Saskatoon

Saskatoon family creates 'stick library' for neighbourhood dogs

A family in Saskatoon has come up with an innovative way to keep dogs happy during this frigid winter.

Dog park box encourages owners to take a stick, leave a stick

Nala the goldendoodle next to the Carter family's stick library. (David Carter/Submitted)

A family in Saskatoon has come up with an innovative way to keep dogs happy during this frigid winter.

Recently, David Carter was looking for ways to keep his ten-year-old son Jeremiah busy during the pandemic, so the family collected some scrap wood from their garage and got to work making life a little bit easier for dogs.

"I got to learn how to use a nail gun," said Jeremiah. "We had this burning tool that I burned the letters on. So, yeah, we had a lot of fun."

The idea of a stick library for dogs originated in New Zealand and has since spread around the world. Similar to little free libraries, dog owners are encouraged to return the sticks to the box.

You know those little free libraries? I'm talking about small wooden boxes, easily accessible to people, and filled with books. Well take that, and replace books with sticks, and see how popular it is with the neighbourhood dogs. A man and his son have filled a few boxes with sticks and put them in dog parks around the city. We'll find out how it's helping them get through this pandemic, right away. Host Leisha Grebinski talks with David Carter and his son Jeremiah. 9:00

The family noticed a similar stick library in the city, but noticed sticks were being strewn around the street and not brought back.

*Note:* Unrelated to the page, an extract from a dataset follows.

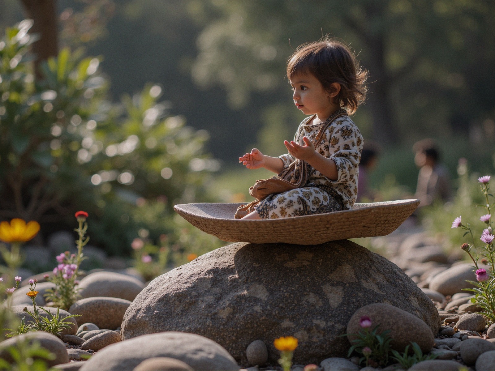 A toddler sits thoughtfully on a stack of stones in a vibrant garden, surrounded by colorful flowers. Soft sunlight filters through the trees, creating a serene and peaceful atmosphere.

So, the Carter family decided to place their library in two dog parks in the Avalon and Furdale neighbourhoods, in part for their goldendoodle Nala.

"Some of the dog parks have a limited amount of trees and those trees get well used," said David. "And our dog is like many others, she loves to have sticks."

Jeremiah Carter with his stick library. (David Carter/Submitted)

So far, the stick library seems to be a roaring success.

"When we go there, there will be some people like talking about it and we're behind them listening in, like all excited," said Jeremiah.

"It's cool hearing people talk about it and knowing that we made it."

The father and son team said they're planning to build more of the stick libraries at other dog parks they frequent in the months to come.